When I reported him to HR, the woman said,” nahhh I don’t think so. That doesn’t sound like X—. Maybe he meant…”
By this time I was numb and tuned her out. Here’s a woman WHOSE JOB IT IS TO TAKE MY REPORT and she didn’t believe my story. #metoo
This happened to me! And she didn’t care. Now, sidebar, there is another dynamic between women where unsolicited sexual advances by an attractive man are not crimes but compliments. Part of me wonders if she was jealous that X— was flirting with me and not her?? Who knows. I don’t care. The point is that she didn’t believe my experience. But she’s not me. Don’t tell me my truth is not true. Now this part is for you and your brilliant girls: when they come to you, and they will, and they say, “Papa someone made me feel weird today,” BELIEVE THEM.

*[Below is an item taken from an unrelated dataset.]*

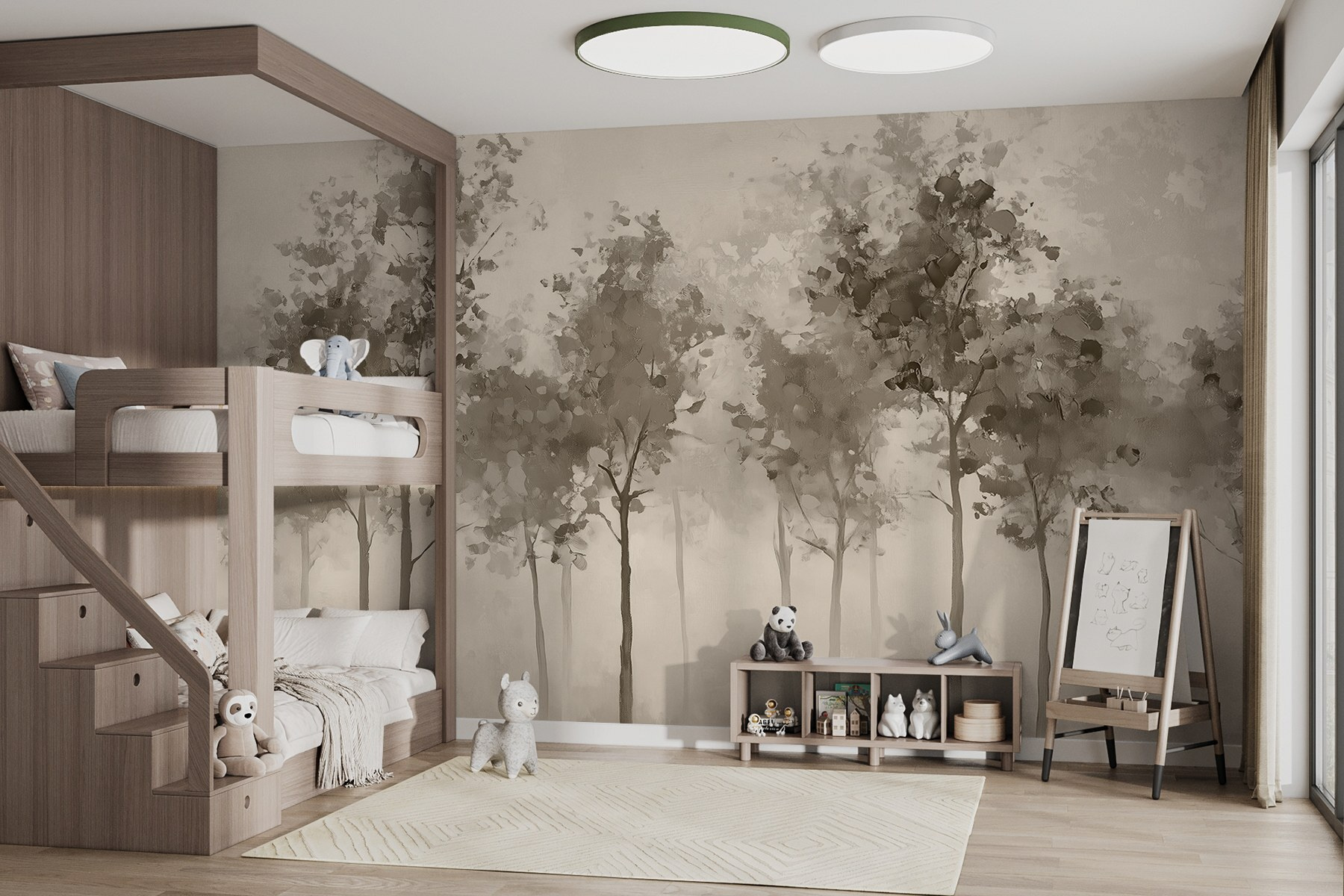 Alakítson át bármilyen helyiséget nyugodt pihenőhellyé ezzel a varázslatos falfestménnyel, amely lágy ködbe burkolt fákat ábrázol. Képzelje el, ahogy a reggeli kávéját kortyolgatva elveszik a nyugodt, tompa tónusokban, amelyek mintha a természet édes neszeit suttognák. Olyan, mintha egy békés erdőt hozna be a lakótérbe. Ez a falfestmény nem csak dekoráció; hangulatjavító. Tökéletes azok számára, akik egy kis nyugalomra vágynak anélkül, hogy a levelek és az állatokat az otthonukban látnák. Ráadásul ki ne szeretné egy kicsit is úgy érezni magát, mintha egy álomszép erdei menedékhelyen lenne?

Don’t ask what or if they did anything to deserve it. Don’t tell them “nnnnnno I don’t think it’s like that. Why are you forcing some issue into this?“
Don’t assume they’re just girls making things up or being dramatic or being emotional or too sensitive or being [insert negative idea about women here].
Listen. Believe them.
They will need you to just believe them. And hold them. And validate them. And tell them it’ll be ok. And tell them you’ll do something.
And then… do something.
I believe you. I just read this as I’m approaching the tail-end of my FB/Twitter fast, and one of my concerns is how can I be a better ally… especially when I think I’m doing all the right things. I know that by expressing that, I run the risk of invoking the #NotAllMen deflection that some guys seem to invoke. But suffice it to say that I believe you.